2. Cluster planning:
PS:
In hadoop 2.0 it usually consists of two NameNodes, one active and
The other is in standby mode. Active NameNode provides external services
Standby NameNode does not provide external services, only synchronous active nameNode
so that it can switch quickly if it fails.
hadoop 2.0 officially provides two HDFS HA solutions, one is NFS,
The other is QJM. Here we use simple QJM. In this scenario,
Primary and standby NameNodes synchronize metadata information through a set of JournalNodes
A piece of data is considered successful as long as it is successfully written to most JournalNodes.

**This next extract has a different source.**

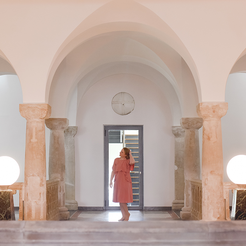 Ich stellte meine Kamera auf Serienbild und rannte los, Treppe runter und wieder rauf, schmiss mich in verschiedene Posen und geriet ins Schwitzen. Mal wieder. Zwei Frauen kamen die Treppe hoch und Lissy trieb sie wie ein Hütehund an den Rand des Geländers, damit sie nicht durchs Bild liefen. Fantastisch! Dieses Mal hatte ich gleich eine ganze Auswahl an Bildern im Gepäck und verstaute zufrieden meine Ausrüstung. Danach sammelte ich meine Schuhe aus dem Erdgeschoss auf. Ich konnte mit Stöckelschuhen einfach keine Treppen rennen, also hatte ich sie gleich beim ersten Bild neben der Treppe liegenlassen.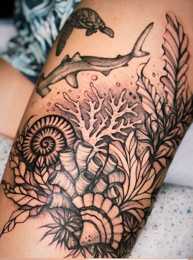 If you’re ready for a statement sleeve, this is one of those ocean tattoo ideas that commands attention. It works beautifully as a sleeve for women who love intricate detail and storytelling. The fine line technique keeps it from feeling too heavy, making it wearable despite its size.

Usually an odd number of JournalNodes are configured
A zookeeper cluster is also configured here for ZKFC
(DFSZKFailoverController) failover when Active NameNode hangs
If it is dropped, it will automatically switch Standby NameNode to standby state.
3. Installation steps:
3.1. Installation Configuration Zooekeeper Cluster
3.1.1 decompression
tar -zxvf zookeeper-3.4.5.tar.gz -C /cloud/
3.1.2 modify the configuration
cd /cloud/zookeeper-3.4.5/conf/
cp zoo_sample.cfg zoo.cfg
vim zoo.cfg
Modified: dataDir=/cloud/zookeeper-3.4.5/tmp
Add at the end:
server.1=hadoop01:2888:3888
server.2=hadoop02:2888:3888
server.3=hadoop03:2888:3888
save and exit
Then create a tmp folder
mkdir /cloud/zookeeper-3.4.5/tmp
Create an empty file.
touch /cloud/zookeeper-3.4.5/tmp/myid
Finally write ID to the file
echo 1 > /cloud/zookeeper-3.4.5/tmp/myid
3.1.3 Copy the configured zookeeper to other nodes (first, in hadoop02,
hadoop03 Create a cloud directory under the root directory: mkdir /cloud)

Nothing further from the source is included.